[Bug target/97127] FMA3 code transformation leads to slowdown on Skylake

[already5chosen at yahoo dot com]

https://gcc.gnu.org/bugzilla/show_bug.cgi?id=97127

--- Comment #6 from Michael_S <already5chosen at yahoo dot com> ---
Why do you see it as addition of peephole pattern?
I see it as removal. Like, "do what's written in the source and don't try to be
tricky".
Probably, I am too removed from how compilers work :(

Or, may be, handle it at the level of cost of instructions?
I don't know how gcc works internally, but it seems that currently the cost of
register move [on Haswell and Skylake] is underestimated.
Although it is true that register move has no cost in terms of execution ports
and latency, it still has the same cost as, say, integer ALU instructions, in
terms of the front end and renamer.

Also, as pointed out above by Alexander, the cost of FMA3 with (base+index) or
(index*scale) memory operands could also be underestimated.

Unlike Alexander, I am not sure that the difference between (base+index) and
(base) is really what matters. IMO, the cost of FMA3 with *any* memory operands
is underestimated, but I am not going to insist on that.

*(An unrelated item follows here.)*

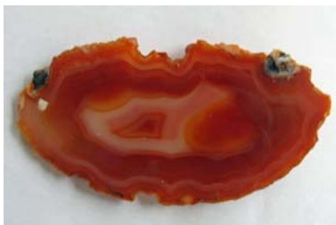
"Rattle agate" slab (handle with care!), 5"

In the ideal world compiler should reason as I do it myself when coding in asm:
estimate which resource is critical in the given loop and then try to reduce
pressure on this particular resource. In this particular loop a critical
resource appears to be renamer, so the cost of instructions should be seen as
cost at renamer. In other situations critical resource could be throughput of
particular issue port. In yet another situation it could be latency of
instructions that form dependency chain across multiple iterations of the loop.
The later is especially common in "reduction" algorithms of which dot product
is the most common example.
A single value of instruction cost simply can't cover all these different cases
in satisfactory manner.
May be, gcc it's already here, I don't know.